If you have buyer's remorse

Anonymous
Anonymous wrote:
Anonymous wrote:I don't have buyer's remorse, though I occasionally wonder if I should have bought a house with fewer deferred maintenance issues. We're looking at a LOT of money in necessary upgrades in the next few years, and part of me wishes I could have bought a house with that stuff already done.

That said, we love our house, the neighborhood and the schools and we got a very good price on it. So I pretty much just suck it up.

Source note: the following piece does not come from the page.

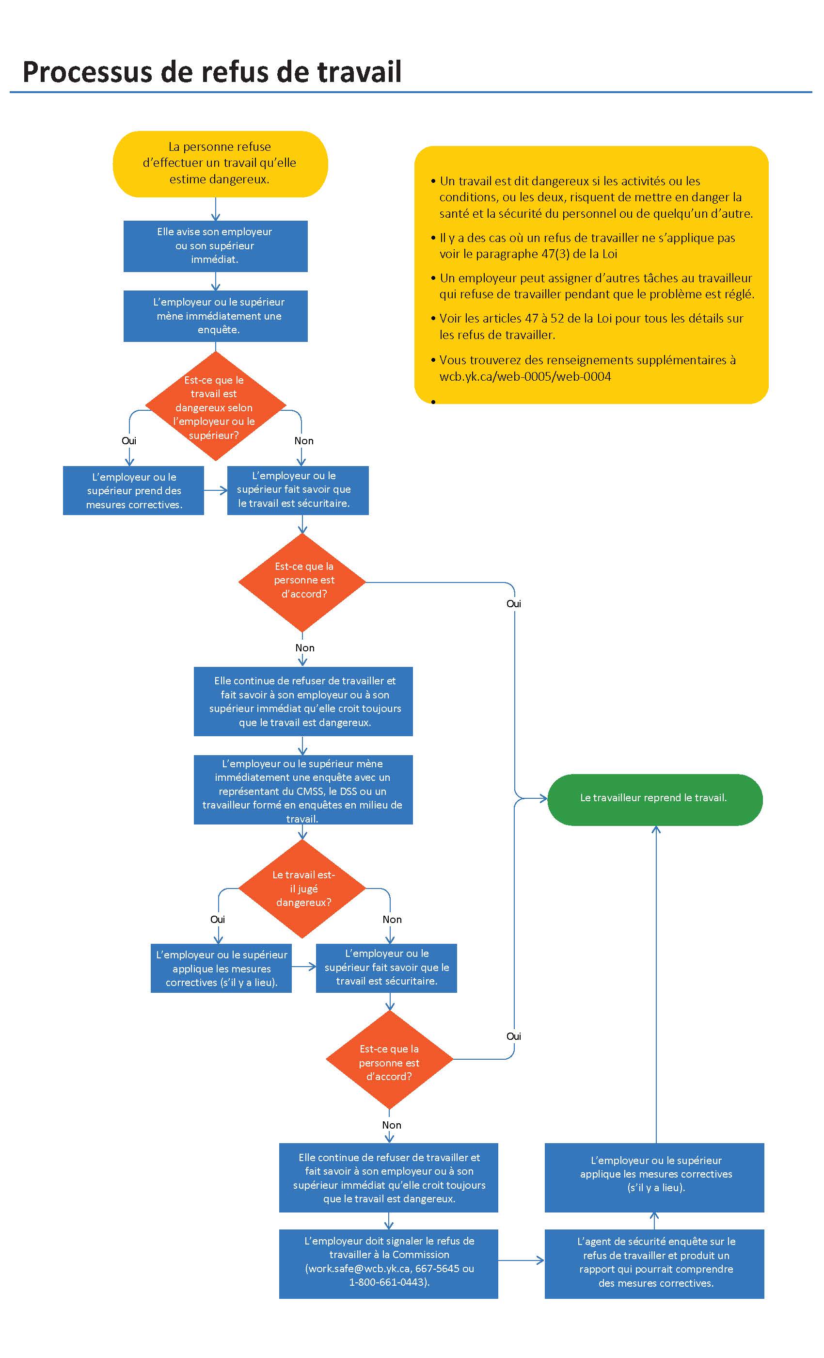 En tant que travailleuse ou travailleur, vous avez le droit de refuser du travail dangereux sans craindre de mesures disciplinaires de la part de votre employeur ou de votre superviseure ou superviseur (voir la page sur les représailles [en anglais]).

we're in the same boat. i wonder if we could have bought a home that needed less work (lawn regrading, insulation, electrical, new rook in 3-5 yrs, new windows) have rationalized it by the fact that I beleive we got a very good price for the sq footage. Other homes in our neighborhood may have been better maintained, would have been less work on our part to upgrade things and cost less in out of pocket expenses, but they are also selling for 50-100K more and have less space. Hoping that in the long run we made a good decission.

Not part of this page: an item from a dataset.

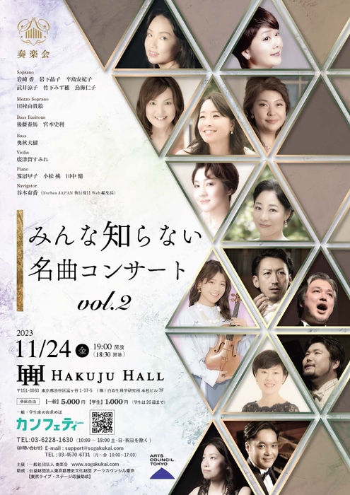 日本では知られていないけれど世界各地ではとてもポピュラー。そんな声楽の名曲を集め、日本ではまず聴くことのない曲を演奏する『みんな知らない名曲コンサート』。好評の昨年に引き続き、今年もハクジュ・ホールで開催いたします。そのクオリティの高さは格式あるハクジュ・ホールも認めるもの*。「東京ライブステージ応援助成」の助成もいただき、華やかに開催いたします。

I agree 100% - We did the best we could at the time, buying a house that hadn't been maintained for what seemed like an aggressive price. After the fact, it seems like it would have been better to spend more and get it in great condition, upgraded, etc. Kind of regret not having the fore-sight on that. Or wait a couple of years and then get the well-maintained house for a similar price. You do the best that you can - there are always regrets.
Anonymous
Too few bedrooms, not enough square footage. Should have stretched more financially for the forever house.
Anonymous
The house itself is fine. But I'm further outside of town than would be ideal and the local high school has an iffy rep. But DS is < 1 year so we have awhile to worry about the latter.
Anonymous
Was first time buyer.

I should have asked for replacement of old furnace/air conditioner/new roof. They were all 20yrs old, and I'm looking at a good 20-27K expenditure in a year or two.
Anonymous
11:21PP here - to be fair, I haven't seen much in my price range ($550K-ish) in our area (North Arlington - Yorktown schools) that was better than what we got, and I was pretty sure that would be the case. I figure this is a downside of buying an older house. The only newer houses close-in were townhouses and we'd already owned one of those and wanted to feel like we were taking a step forward. Plus the high condo fees at many townhouse complexes raised the cost of ownership higher than a SFH and it's not deductible like mortgage interest. oh well! still not remorseful.
Anonymous
Ironically we have none and we decided on each house in 5 minutes (incredibly tight and competitve market). I still absolutely love everything about our first home in the city==location, layout, etc. and it is a great rental.

The second home I had a few tiny apprehensions which turned out to be wrong and 3 years later I think it is the absolutely best choice we could have made.

I am somebody that analyzes things to death so I am amazed at the two biggest purchases I have ever made--the decisions were made so quickly. It did take a lot of going to open houses and a lot of studying the two neighborhoods so we knew it when we saw it. Each time we were VERY patient...waited 1.5-2 years for a house we liked to come on the market each time.

Not being under pressure to move is probably the reason it turned out so good. The first time we were in a month-month rental so had all the time in the world. The second time we were in another rental while renting out first home---so again no pressure to find something and move immediately. I think if you are against a school deadline or have to move because you just sold it is easier to end up with somethign you don't like because you don't have the option of waiting it out.